By Veronica Willeto DeCrane, School Training and Technical Assistance Specialist, National Native Children's Trauma Center

Working for afterschool programs on the Crow reservation in Montana, I learned a thing or two about youth and family engagement. Youth are required to attend school, but participation in afterschool programs is often optional. Youth engagement was a must if we wanted our program to make any kind of impact on the youth we served. I also realized quickly that our program needed families as much as we needed youth. Without families, there was only so much progress we could make towards our program goals. While youth and family engagement are essential, it isn’t easy to achieve either one.

It can be helpful to understand engagement on a spectrum. A spectrum can assist us in acknowledging the effort and progress we are making and the reality that there’s going to be both valleys and mountaintops in our effort to engage youth and families. This is where the program management concept of continuous improvement comes into play.
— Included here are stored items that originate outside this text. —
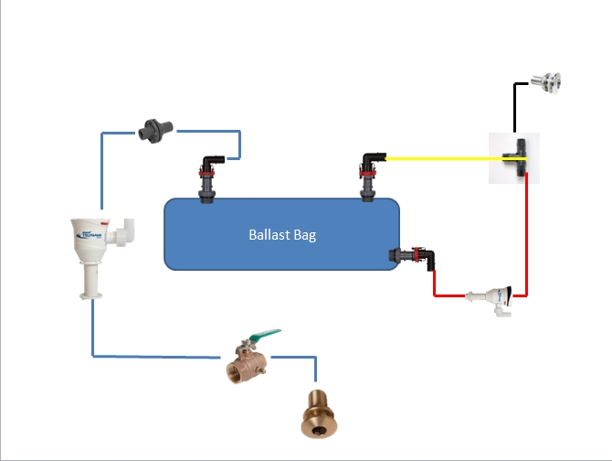He recommended using the 800's 3/4" all around to stay as factory and low budget as possible. What I was told is that you can use the rule pump that is already there and hooking it up straight to the inlet of the center bag. Getting rid of the manifold and sprinkler valves setup all together. Spencer said to put the check valve after the pump although I kind of think it is not necessary or better to install on the drain line. I am going to leave my scupper intake as-is and install two new mushroom style intakes, those two will fill the rear 750 bags. I am just at the point where I need to know what is better setup. I don't really like the idea of drilling a new hole in my boat, but if I have to I will. It sucks not being able to use ballast on your wakeboard boat!
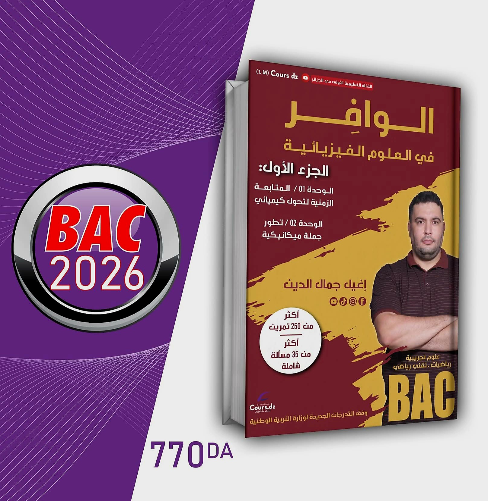 الوافر في العلوم الفيزيائية الجزء الأول للأستاذ إغليل جمال الدين شعبة علوم تجريبية-رياضيات-تقني رياضي
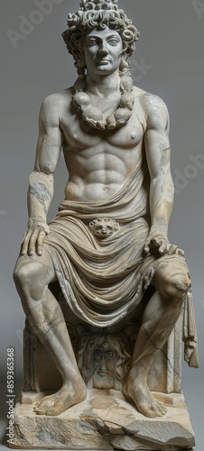 An intricately carved ancient seated man statue, showcasing intricate body details and flowing drapery folds.
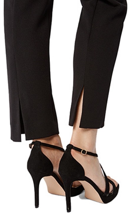 Diese schmal geschnittene Hose in schwarz mit Gummibund und kleinem Schlitz am Fuß hat auch durch den Anteil von Elasthan eine ideale Passform und kann selbst zu den besonderen Anlässen getragen werden
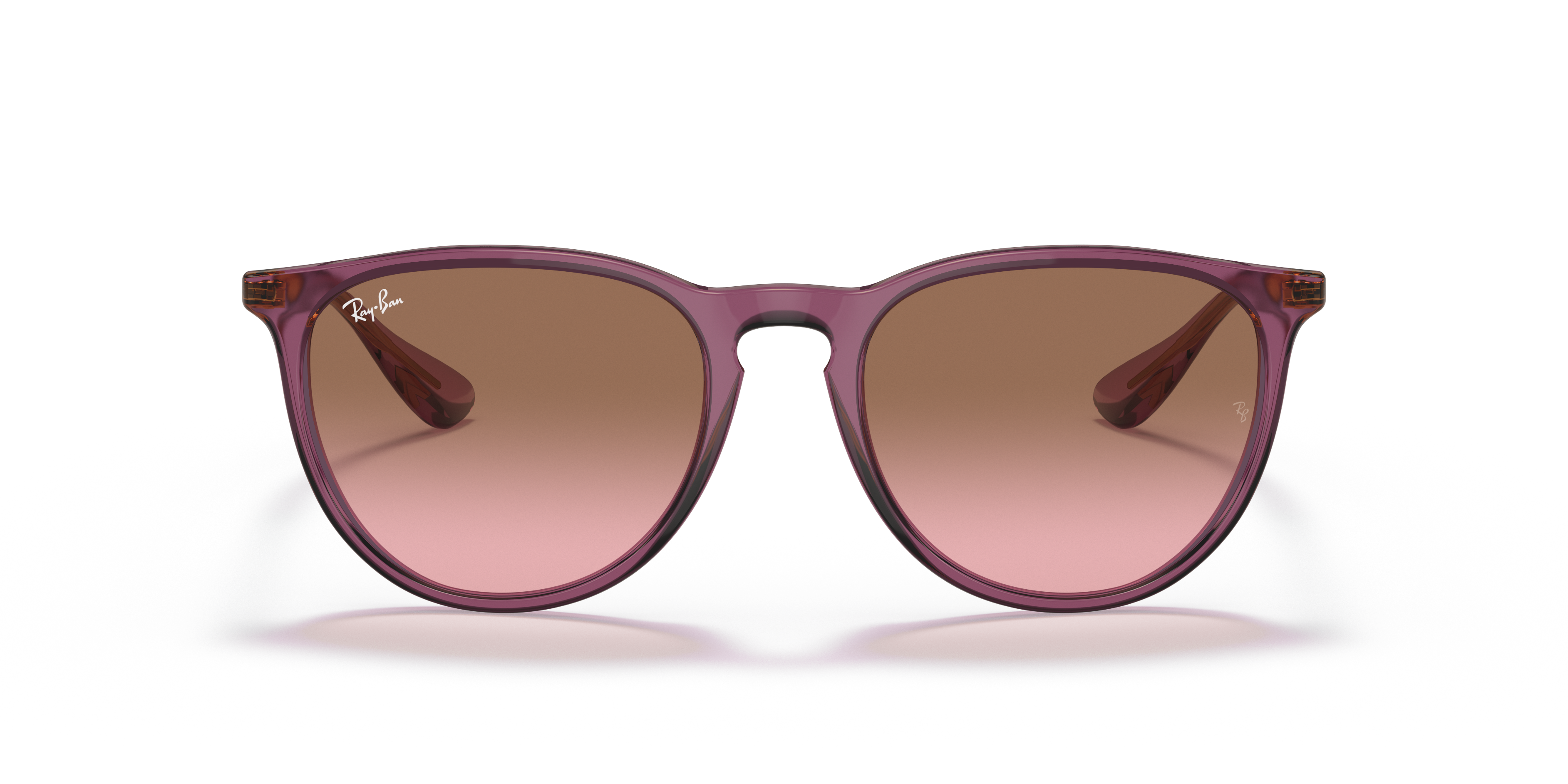 Ray-Ban Erika Classic shades are a modern twist on the classic optical glasses. The phantos shape and transparent violet frame offer a unique and stylish look, while the pink gradient brown lenses provide optimal vision clarity. The key bridge design adds a touch of sophistication to these frames, making them perfect for everyday wear. These glasses are not only fashionable but also functional. Available with prescription lenses.
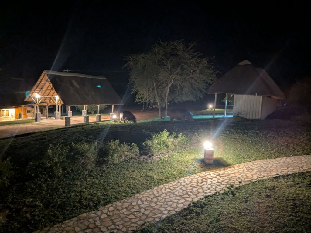 Heite Nacht waren die Hippos zu Besuch cor unserer Hütte.
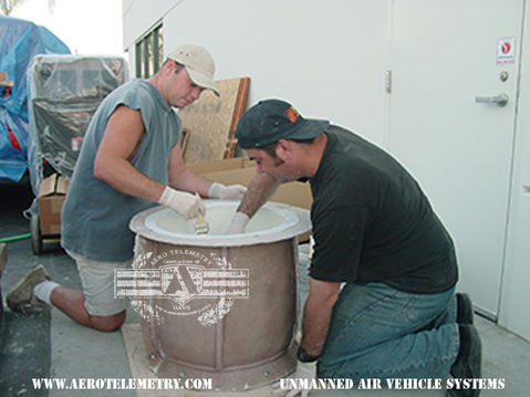 Aero Telemetry used a 360cc 30 hp, twin cylinder, air-cooled two-stroke engine to power the H1 Racer replica. John and Roger also fabricated a special exhaust system and modified the carburetor to squeeze more power from it. Due to the weight of the plane, the first engine chosen for the model was entirely too small and had to removed and replaced over the weekend before the airplanes first flight. For the first flight the propeller was a 3-blade, fixed pitch, 48 inch "Ivo-Prop" Propeller that had to be cut down slightly due to ground clearance issues. It over-ran on the engine during the first flight at El Mirage and although it successfully flew the Hughes H1 Racer it was replaced after the flight with an in-flight adjustable, variable pitch propeller of 48 inches in diameter. This proved to be the perfect fit and the Aero Telemetry H1 Racer really flew like the real one. Fast, loud, big, and beautiful...that was the H1 Racer flown for filming the aerial sequences for the movie The Aviator on November 17th, 2003 by the Aero Telemetry Team.

Youth and parent engagement aren’t final destinations. They are ongoing relationships that require us to continuously put in hard work in order to see these relationships grow.

Key principals of trauma-informed systems include strength-based thinking, transparency, and empowerment. If we’re in the valley when it comes to our youth and family engagement work, we are trauma-informed when we are able to reframe our thinking and view our position as an opportunity for growth. This kind of strength-based thinking allows us to focus on the future and what we can do in the present rather than getting stuck in the past and the mistakes we can’t change.
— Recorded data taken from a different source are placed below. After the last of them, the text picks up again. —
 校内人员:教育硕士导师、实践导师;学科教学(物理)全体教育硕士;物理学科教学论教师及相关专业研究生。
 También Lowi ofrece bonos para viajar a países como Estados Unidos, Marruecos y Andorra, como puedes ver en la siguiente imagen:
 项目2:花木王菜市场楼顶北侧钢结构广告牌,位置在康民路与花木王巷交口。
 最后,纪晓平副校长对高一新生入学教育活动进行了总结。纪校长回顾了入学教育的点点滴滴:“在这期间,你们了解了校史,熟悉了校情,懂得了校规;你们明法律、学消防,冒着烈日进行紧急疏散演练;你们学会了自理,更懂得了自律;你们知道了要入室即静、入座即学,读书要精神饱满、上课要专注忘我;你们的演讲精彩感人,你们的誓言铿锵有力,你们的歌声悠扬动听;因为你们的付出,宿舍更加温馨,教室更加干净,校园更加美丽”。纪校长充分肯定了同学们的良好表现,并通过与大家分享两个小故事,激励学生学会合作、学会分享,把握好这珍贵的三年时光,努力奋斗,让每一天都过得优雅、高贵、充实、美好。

Admitting that we aren’t on the mountain top all the time is also being trauma-informed. Transparency about how we’ve taken steps back in our progress puts us in a better position to make actual improvements and is the first step in getting our program back on track again. Being transparent with our youth and their families also goes a long way to building trust with them, which is what we need to achieve authentic engagement.

Anytime we can make room for youth and family voice, it’s empowering. A person suffering from the impact of trauma can feel like they don’t have any control or agency in their life. They may also feel no one cares about them. Showing your program cares, by valuing their voice can make a difference. Giving them that opportunity to be a part of the decision-making process helps youth and families exercise the power they have to impact change.
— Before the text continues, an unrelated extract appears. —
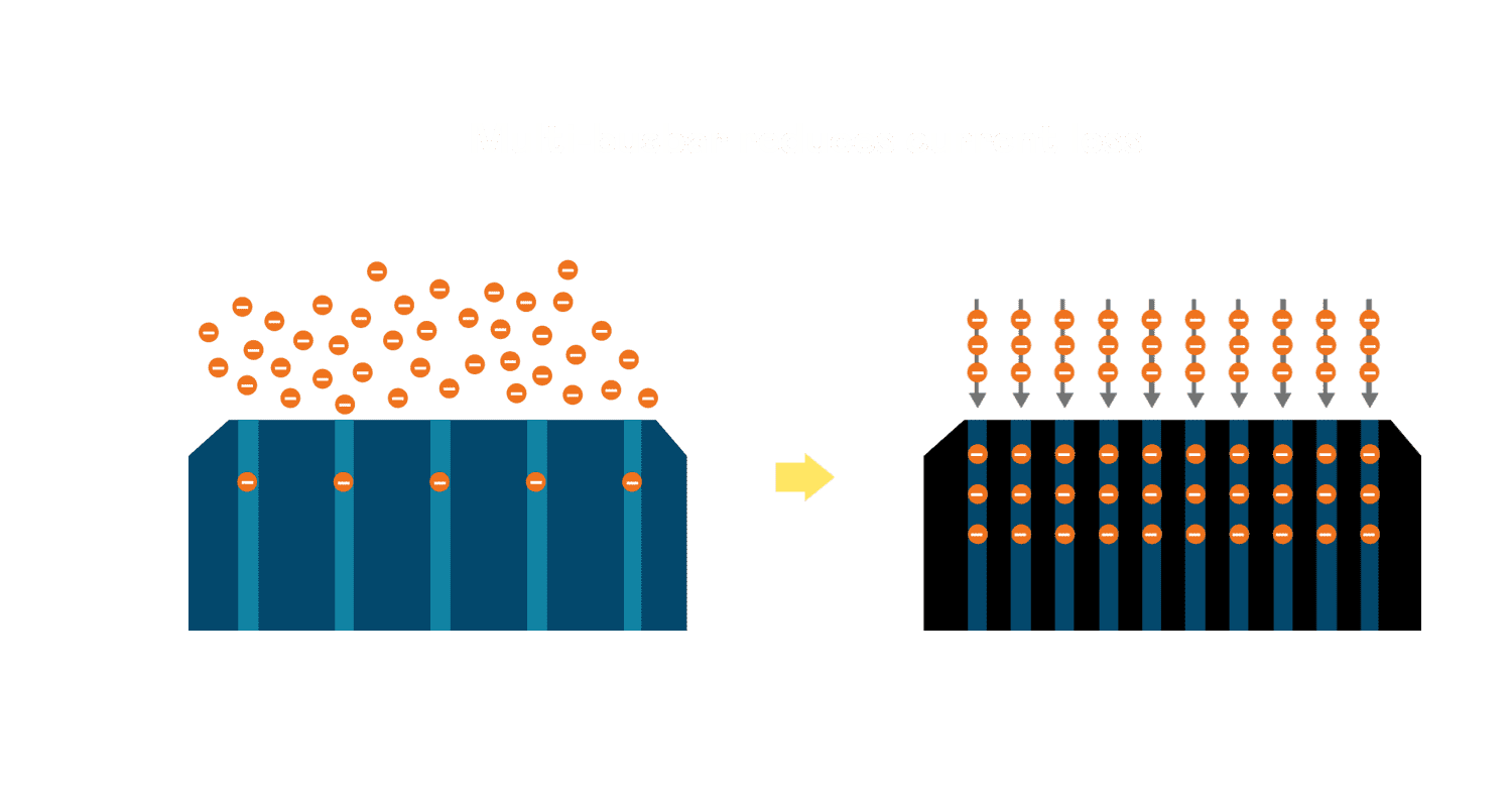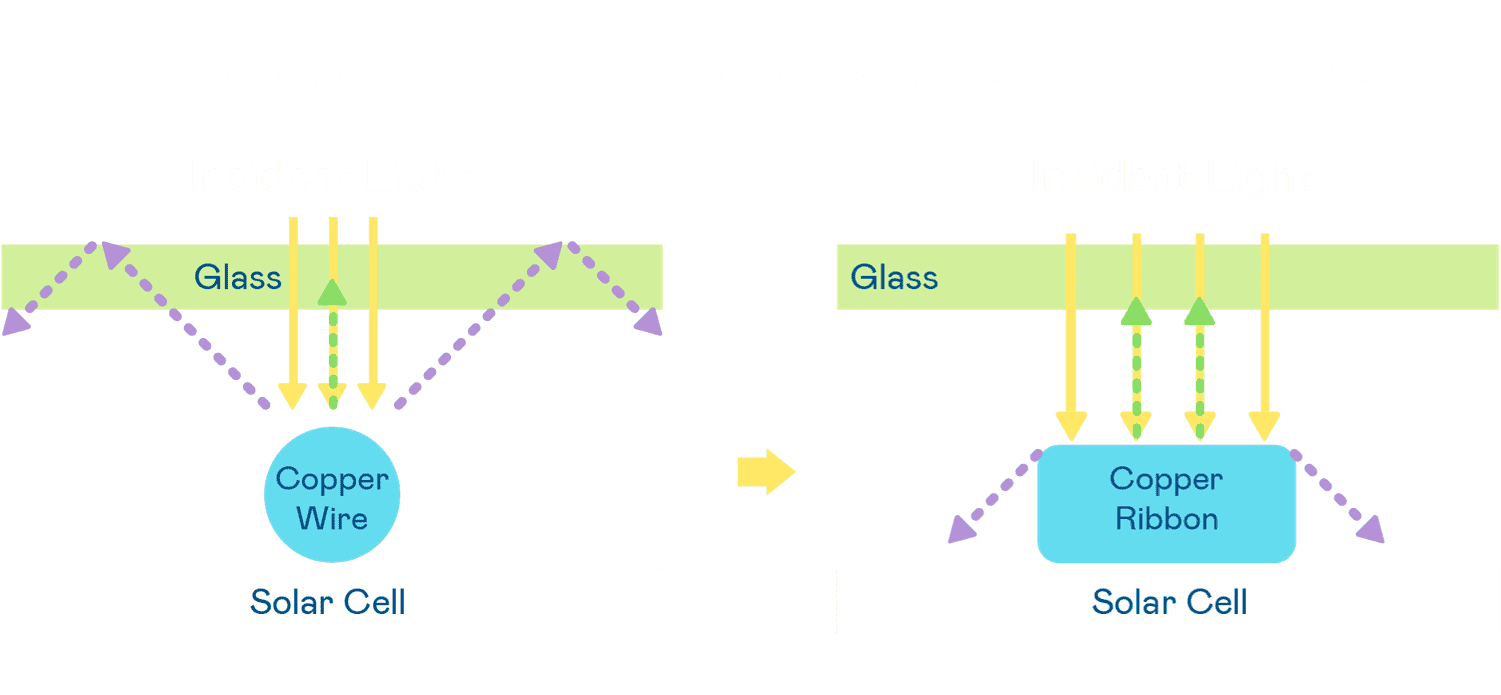 • 电池使用多条铜导线 (Copper wire) 于电池片上形成较短的电流路径,,,提高电流收集效率,,,,采用圆形设计的铜导线较传统扁平式的铜焊带 (Ribbon),,可增加入射至电池的光线量。。。。

In Beyond the Bake Sale: The Essential Guide to Family-School Partnerships, family engagement is described as being a “Continuum of Engagement.” On one end of the spectrum is a “Fortress School,” where there is a belief that “parents belong at home, not at school.” Organizations often feel they are doing everything they can and it’s the families who don’t do enough to support their children. This is the least trauma-informed type of parent engagement. At the other end of the spectrum is a “Partnership School,” which assumes “all families and communities have something great to offer.” The youth serving organization has a “whatever it takes” culture and works closely together with parents in order to ensure every single young person succeeds. This is the most trauma-informed type of parent engagement. While you might not be serving youth in a school setting, I think this picture of parent engagement being a “Continuum of Engagement” can still apply to your youth serving program.

The spectrum of youth engagement that is often cited is the “Ladder of Youth Participation.” Sociologist Roger Hart in his book, Children’s Participation: The Theory and Practice of Involving Young Citizens in Community Development and Environmental Care, describes how youth participation can range from “Rung 1: Young People are Manipulated” to “Rung 8: Young People and Adults Share Decision-making.” At Rung 1, “adults use young people to support causes and pretend that the causes are inspired by young people.” This is the least trauma-informed type of youth engagement. At Rung 8, “projects or programs are initiated by young people and decision-making is shared between young people and adults.” This is the most trauma-informed type of youth engagement.

If you feel like your program is in the valley, whether it’s youth or family engagement, don’t give up just yet. Apply that strength-based thinking and consider using these two tools to reflect upon where you think you are on the spectrum. Could it be that your program may need to take a more trauma-informed approach? However, if you find that you are making progress and doing very well engaging youth and families in your program, celebrate it! Share your success stories. There are others who may be inspired and encouraged by your progress. It could be that hearing about your program’s journey with youth or parent engagement is just what they need to help them get out of their own valley.

References:

Henderson, A. T., Mapp, K. L., Johnson, V. R., & Davies, D. (2007). Beyond the bake sale: The essential guide to family-school partnerships. The New Press.

Hart, R. A. (2013). Children’s participation: The theory and practice of involving young citizens in community development and environmental care. Routledge.